佐藤 しおりの幸せ探し〜揺れる恋
照れ笑いして、久しぶりに彼女の部屋を訪れた零士。相変わらず片付けてある部屋だが、彼女らしさが随所にあり、落ち着くのだ。
例の件もかたがつき、行き来するのも面倒だと思い始めた零士は、このマンションの最上階にあるファミリー向けの部屋が、最近になって空いたことを思い出す。
(少し見てくるか)
しおりとほとんど同棲しているような今の状況なので、本格的に一緒に住むことを検討するのだ。

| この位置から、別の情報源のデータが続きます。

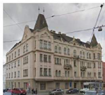
Рис.1.7 «Літературно-мистецька спілка» Львів [Електронний ресурс]: – Режим доступу: http://www.panoramio.com/photo/82069917 (11.03.2014)

「今日、バレンタインでしょ。ちょっと頑張って作ったの」
テーブルには、スープ、サーモンとタマネギのマリネをのせたブルスケッタ、温野菜が添えてあるステーキ、そして今日のイベントに欠かせないデザートに生チョコを並べ、グラスに、シャンパンを注いでいく。
「うわー、凄いな。生チョコ作ってくれたのか?」
「うん。ビターだから零士も食べれるでしょ」
「しおりが作ってくれたなら、甘くても食べるけど」
ふと、零士の脳裏によぎる邪な思考。
「後で膝の上に乗って食べさせてよ。バレンタインだよ」
「あっ、うん…」
頬を赤くさせるしおりに満足し、しおりの手料理を味わうのだ。
「ふー、美味しかった。さて、しおりちゃん、おいで」
手を広げてウェルカム状態に、恥ずかしがりながら生チョコを持って零士の膝の上に座る。